Он подошел к столу, схватил с него трубку с оплавленными краями и набил ее табаком из новой пачки. Первый клуб сизого дыма отправился в потрескавшийся потолок, а он продолжал:
- Странно… Как-то не хочется вспоминать, но все же рискну. Первая же девушка, которая мне понравилась и на которую я, стыдно сказать, столько бессонных ночей мастурбировал, представляя ее себе в разных видах, сказала мне: «Знаешь ли, Фердинанд, у тебя есть один недостаток. И я лягу с тобой в постель, и пройдусь перед тобой медленно голая в чулках, и позволю тебе осмотреть мое тело и сделать все, что ты со мной хочешь, если ты сделаешь только одну вещь. Сделай так, чтобы твое отражение в зеркале двигалось точно в такт твоим движениям и с такой же скоростью, как и ты сам».
Если б вы знали, Михаил, чего мне стоило заставить свое отражение двигаться в точности так же, как и я. Я использовал много зеркал разного качества и часами разговаривал со своим отражением, даже ведь и семя изливал, глядя на него, и уж как я его уговаривал, как уговаривал. Но когда оно, наконец, согласилось и торжественно пообещало мне продемонстрировать это перед моей пассией, и я позвал ее, во время контрольного просмотра (она уже была в чулках и парике, раздетая и готовая при наличии доказательств лечь со мной в постель и покориться всяческой моей воле) я просто повернулся налево и показал язык, отражение же, тот другой проказник Фердинанд, - он всмотрелся в мутное зеркало над раковиной, - достало свой член и сказало моей невесте: «Щас ты отсосешь довольно круто, шалава!».

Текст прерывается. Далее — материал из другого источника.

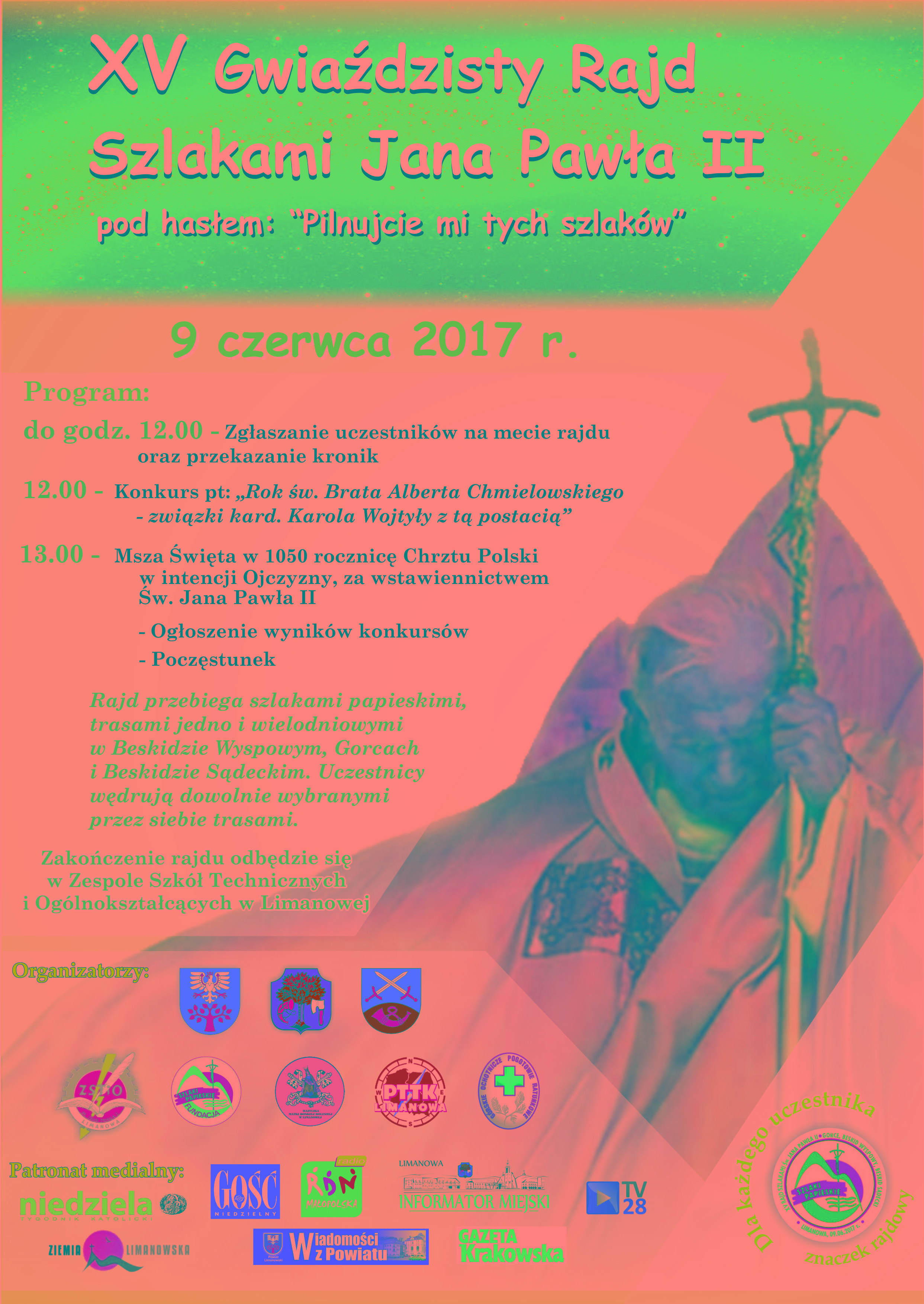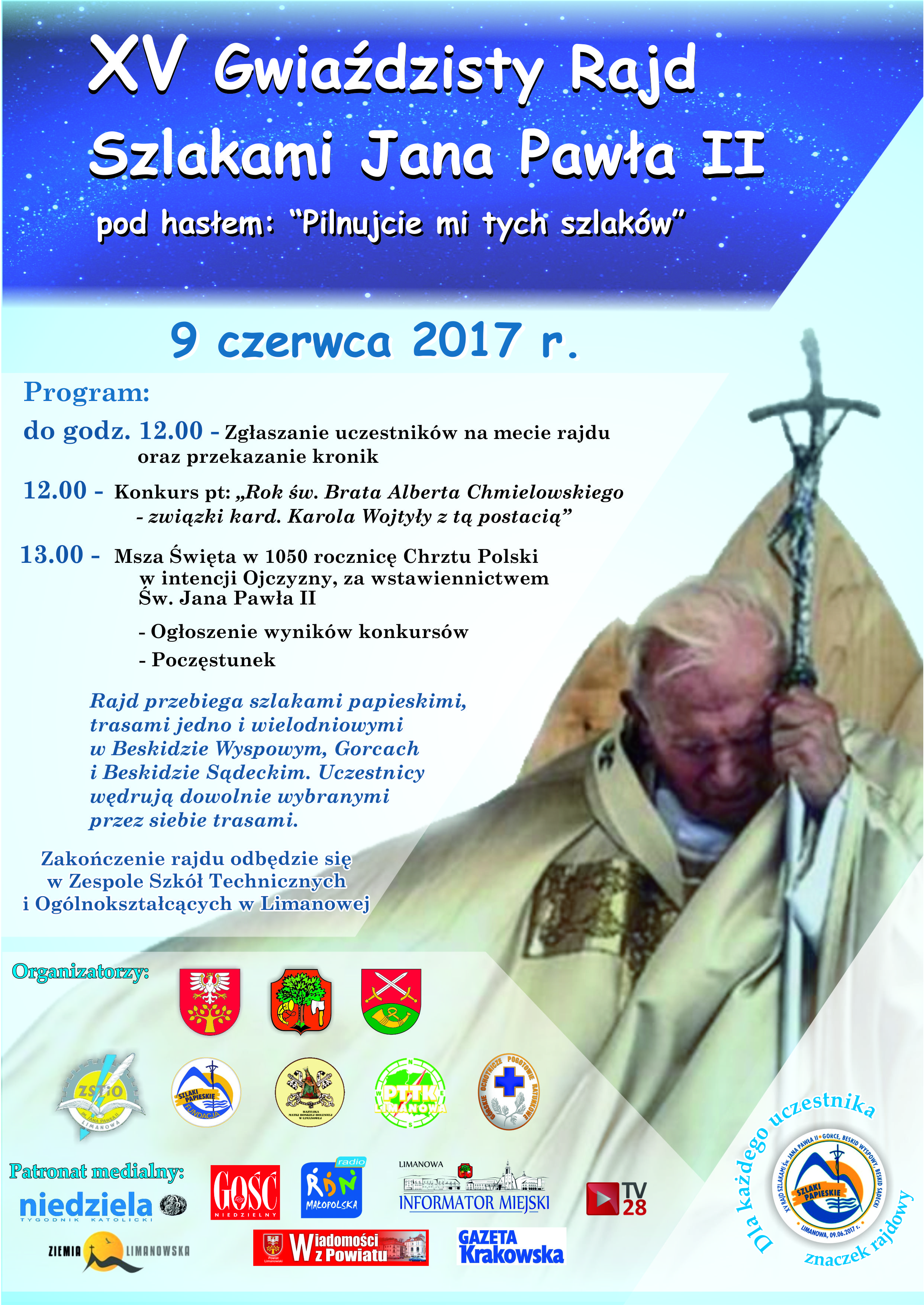 Pod hasłem „Pilnujcie mi tych szlaków” organizowany jest po raz piętnasty Gwiaździsty Rajd Szlakami Świętego Jana Pawła II. W Rajdzie mogą uczestniczyć: drużyny do 10 osób, młodzież szkolna pod opieką nauczyciela oraz osoby indywidualne. Uroczyste podsumowanie Rajdu odbędzie się dnia 9 czerwca 2017 r. przy Zespole Szkół Technicznych i Ogólnokształcących w Limanowej, ul. Zygmunta Augusta.
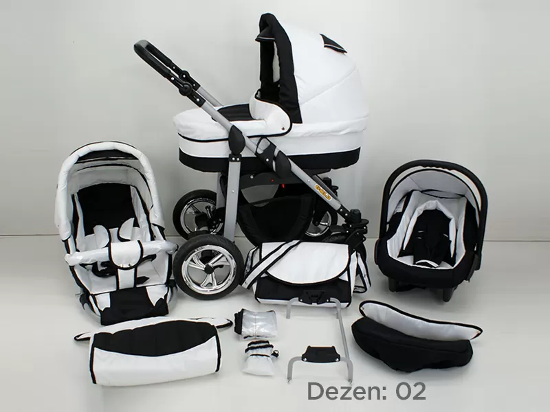 3u1 uključuje: Ram, kolevka, sportski deo, auto sedište, zimske navlake posebno za svaki deo, mamina torba, mreža protiv insekta, zaštita za kišu

С тех пор я ее не видел, хотя и даже был женат. Жаль, что не на ней.
Он снова внимательно всмотрелся в поганое небольшое зеркало и вдруг взвизгнул, как ужаленный. Я подошел и стал всматриваться вместе с ним. Он медленно повернулся вправо и влево, отражение в точности повторяло его движения, но делало это еще медленнее, чем он. С небольшим запозданием. С небольшой задержкой рейса.
- Послушайте, доктор, Фердинанд. Любую такую задержку ведь можно приравнять к определенному шаблону и досконально описать с помощью математической модели! – сказал я, откинувшись на спинку кресла, но тут же замолчал, пораженный синим намерением, вылетевшим у него из темечка.
За десятую долю секунды, за миллиметр расстояния его кулака о мутную поверхность, за все миллиарды лет существования зеркал во Вселенной я знал, что не смогу его остановить.
От центра, куда попала костяшка его сразу опухшего и обросшего паутинкой тонких струек крови кулака, разошлись во все стороны бодрые кривые трещины, образуя длинненькие треугольнички осколков. И мне даже можно было не вставать, глядя на его перекошенного от горя лицо, зная, что не успею, не успею, не успею, когда он страшно медленно поднес и вдавил один осколок себе куда-то под кадык.
Когда он начал падать, я успел заметить, что его неровное отражение в оставшихся на месте осколках зеркала стало тоже падать.
Только чуть-чуть помедленнее.
(2)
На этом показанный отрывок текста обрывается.